Participatory Governance Framework Scorecard — FAQ

Q1

How did you choose the products?

We included two main streams of vendors. The first is popular workplace software — tools that typically handle task management or inquiry tracking. The second is governance and civic-tech tools, many of them open source and far less widely known.

We believe these are two sides of the same coin and ought to be considered together — if not bundled into the same product. Where a vendor offers a broad suite (Granicus, for example), we evaluate the suite as a whole rather than picking apart individual modules.

We excluded narrowly niche products, such as those built solely for electronic voting or participatory budgeting. We also limited our scope to vendors whose websites are available in English.

Q2

How is the analysis performed?

The analysis runs on the Ordinizer framework, built around our own Participatory Governance Framework (PGF), which maps the distinct functions governance software can perform. For each function we wrote a set of questions to put to the data.
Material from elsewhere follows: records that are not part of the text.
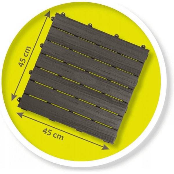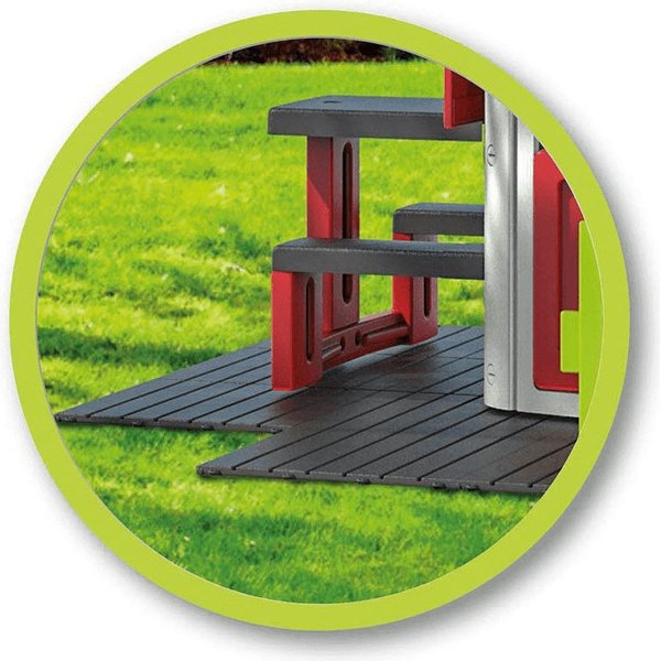 Dodatkowo do zestawu dołączona jest podłoga do domku od Smoby pozwoli stworzyć domową atmosferę w ogródku. Zestaw składa się z 6 płytek, które są antypoślizgowe co pozwoli na bezpieczne użytkowanie jej przez dzieci. Ich montaż jest bardzo prosty co zapewnia szybki system składania. Można z nich stworzyć nie tylko podłogę, ale również taras czy ścieżkę. Dzięki powłoce anty UV będzie nam służyć równie długo jak domek.
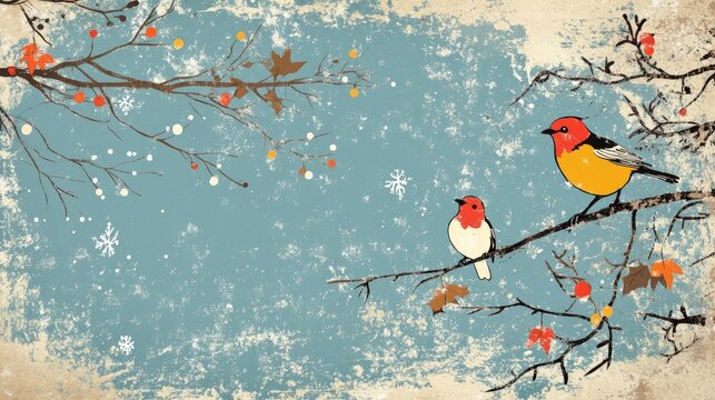 Colorful illustrations of exotic birds on branches in a whimsical style
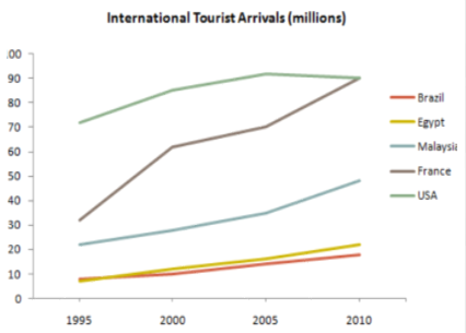 The number of tourists visiting Malaysia rose steadily over the whole period but by 2010 the total was still under 50 million. The countries with the fewest tourist arrivals were Brazil and Egypt. The number of tourists going there was similar between 1995 and 2000 but after that there was a greater increase in tourists going to Egypt than to Brazil.

For each vendor, we pull and save the relevant pages from their website, load them into a vector database, and then run a retrieval-augmented (RAG) analysis that answers each question against that content.
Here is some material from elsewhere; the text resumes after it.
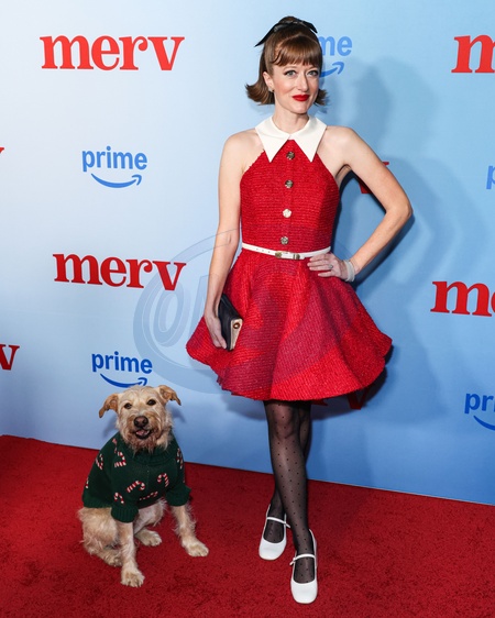 CULVER CITY, LOS ANGELES, CALIFORNIA, USA - DECEMBER 04: Gus the Dog and American actress Victoria Blade arrive at the Los Angeles Special Screening Of Amazon Prime Video's 'Merv' held at The Culver Theater on December 4, 2025 in Culver City, Los Angeles, California, United States., Credit:Xavier Collin / Avalon

We currently use Claude Sonnet 4.6, and we're experimenting with newer (and more costly) models.

Q3

Why use AI for this work?

Our aim is to be objective: what would a typical reviewer see when evaluating this software? Plenty of people already use AI to ask questions like "How does product X support feature Y?" We've simply done that at scale — across 33 products, six main feature areas, with roughly 7–10 detailed questions each — and turned the results into comparable charts.

Q4

Can you trust AI for this?

There are real pitfalls. The analysis is only as good as its input data, which raises two questions: do we have the right pages from each product's website, and do those websites actually present everything we need? We assume they do, though some sites we've encountered are poorly designed for machine reading.

Q5

How often is the data updated?

The current dataset reflects what we scanned as of July 2026. We plan to update it at least quarterly, and we're exploring options for more frequent updates over time.

Q6

How can I update data in the scorecard?

Email us. The more durable solution is to make sure the information lives on your own site and is clearly readable — both to people and to machines.

Q7

Will you add subjective reviewers?

We're looking at ways to layer subjective analysis on top of the generated ratings. The People Powered platform ratings cover many of the same products and are subjective. One difference from our approach: their model consolidates all functionality into a single score, whereas we keep the functions separate.

Q8

What are the broader goals of the scorecard?
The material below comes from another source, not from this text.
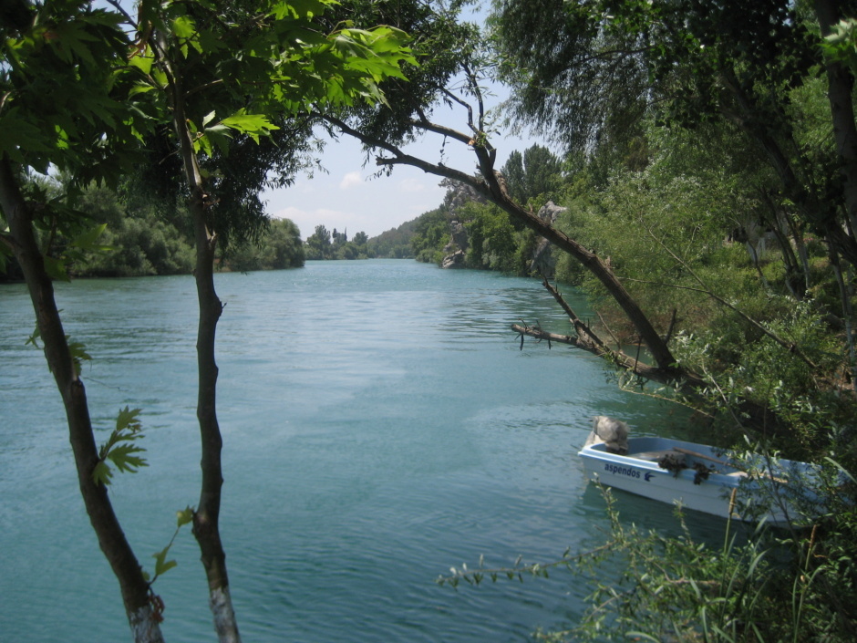 한참을 달린 후 점심을 먹기 위해 어느 강변 식당에 닿았다. 마침 이 식당 바로 앞쪽에 제법 큰(?) 강물이 흐르고 있었는데 강변에는 나무들이 제법 숲을 형성하고 있었다. 터키에서는 이때껏 산을 넘을 때나 평원을 거쳐 이동하는 동안 강을 거의 보지 못했으며 더구나 강에 물이 차있는 모습은 볼 수가 없었다. 강물 줄기들은 대개 乾川(건천)이어서 물이 거의 보이지 않았고 물이 있더라도 강물 줄기가 바닥으로 조금씩 흘러가는 게 대부분이었다.

First and foremost, we want to help buyers. If buyers and vendors share a common language for these functions, buyers can specify their needs far more clearly.

We'd also like to inspire some purposeful competition. We hope niche players look into expanding their offerings, and that commercial vendors consider pricing models that work for volunteer organizations — whose members might use the software eight hours a month rather than eight hours a day like a typical commercial user.